## [DATA RECORDS]
((

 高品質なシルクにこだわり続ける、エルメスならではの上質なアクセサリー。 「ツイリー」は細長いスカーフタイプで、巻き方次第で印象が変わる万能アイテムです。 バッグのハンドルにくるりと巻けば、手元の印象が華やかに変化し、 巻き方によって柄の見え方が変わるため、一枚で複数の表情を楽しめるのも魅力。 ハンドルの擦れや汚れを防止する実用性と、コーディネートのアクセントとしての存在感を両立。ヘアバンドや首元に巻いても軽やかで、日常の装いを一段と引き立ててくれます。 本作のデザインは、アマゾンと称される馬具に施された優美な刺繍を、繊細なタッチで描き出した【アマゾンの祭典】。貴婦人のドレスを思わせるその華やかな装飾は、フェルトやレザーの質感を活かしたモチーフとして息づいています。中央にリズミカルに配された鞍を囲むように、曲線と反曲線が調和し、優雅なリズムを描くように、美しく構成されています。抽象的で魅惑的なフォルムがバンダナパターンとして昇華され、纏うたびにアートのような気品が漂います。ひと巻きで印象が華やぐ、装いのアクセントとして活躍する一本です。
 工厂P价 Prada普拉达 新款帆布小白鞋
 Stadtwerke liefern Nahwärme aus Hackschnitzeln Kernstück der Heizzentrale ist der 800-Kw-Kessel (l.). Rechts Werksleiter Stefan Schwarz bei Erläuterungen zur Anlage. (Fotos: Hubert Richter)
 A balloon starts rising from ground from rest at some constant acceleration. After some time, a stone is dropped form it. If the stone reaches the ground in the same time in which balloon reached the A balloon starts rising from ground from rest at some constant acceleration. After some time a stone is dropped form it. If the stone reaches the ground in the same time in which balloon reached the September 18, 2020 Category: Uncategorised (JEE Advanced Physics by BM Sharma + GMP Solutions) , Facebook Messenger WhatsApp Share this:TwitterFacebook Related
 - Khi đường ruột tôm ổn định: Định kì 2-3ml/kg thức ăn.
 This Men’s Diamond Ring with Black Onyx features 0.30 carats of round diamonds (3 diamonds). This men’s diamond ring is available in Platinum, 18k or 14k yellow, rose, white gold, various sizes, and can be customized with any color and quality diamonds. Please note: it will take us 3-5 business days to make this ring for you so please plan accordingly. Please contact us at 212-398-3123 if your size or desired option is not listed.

))
((

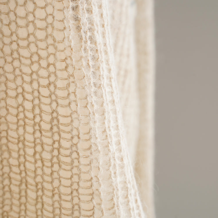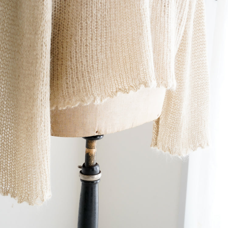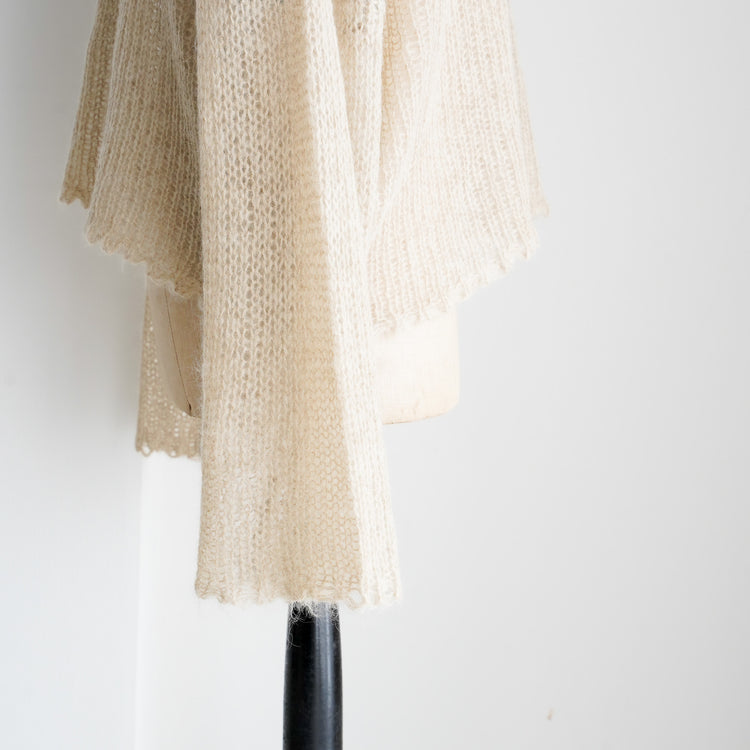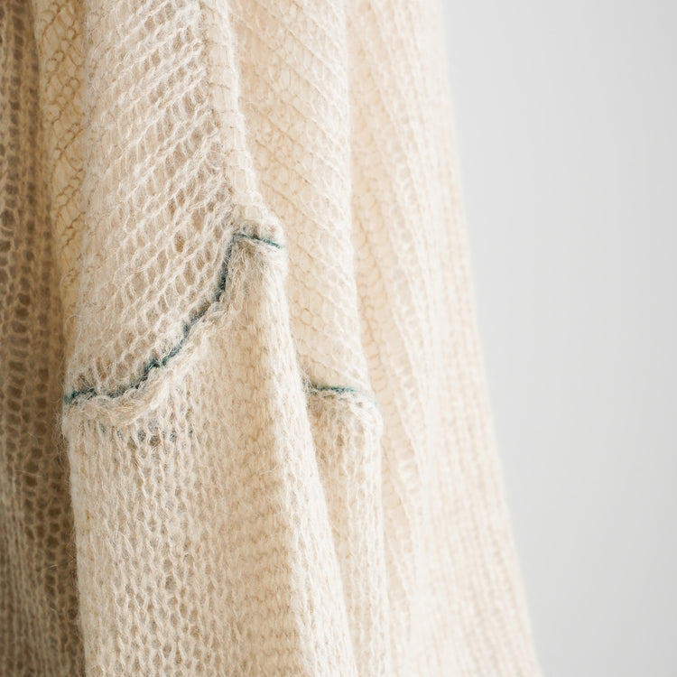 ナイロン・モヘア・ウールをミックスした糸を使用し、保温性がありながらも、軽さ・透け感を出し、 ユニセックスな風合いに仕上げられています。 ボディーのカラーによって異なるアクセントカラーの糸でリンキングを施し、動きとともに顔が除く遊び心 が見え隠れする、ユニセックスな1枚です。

))

## [TASK GOAL]
Beginning with the line holding "工厂P价 Prada普拉达 新款帆布小白鞋" and ending with the line holding "Stadtwerke liefern Nahwärme", write out the stretch of material above exactly; add no further lines.

## [RESPONSE TO THIS EXERCISE]
 工厂P价 Prada普拉达 新款帆布小白鞋
 Stadtwerke liefern Nahwärme aus Hackschnitzeln Kernstück der Heizzentrale ist der 800-Kw-Kessel (l.). Rechts Werksleiter Stefan Schwarz bei Erläuterungen zur Anlage. (Fotos: Hubert Richter)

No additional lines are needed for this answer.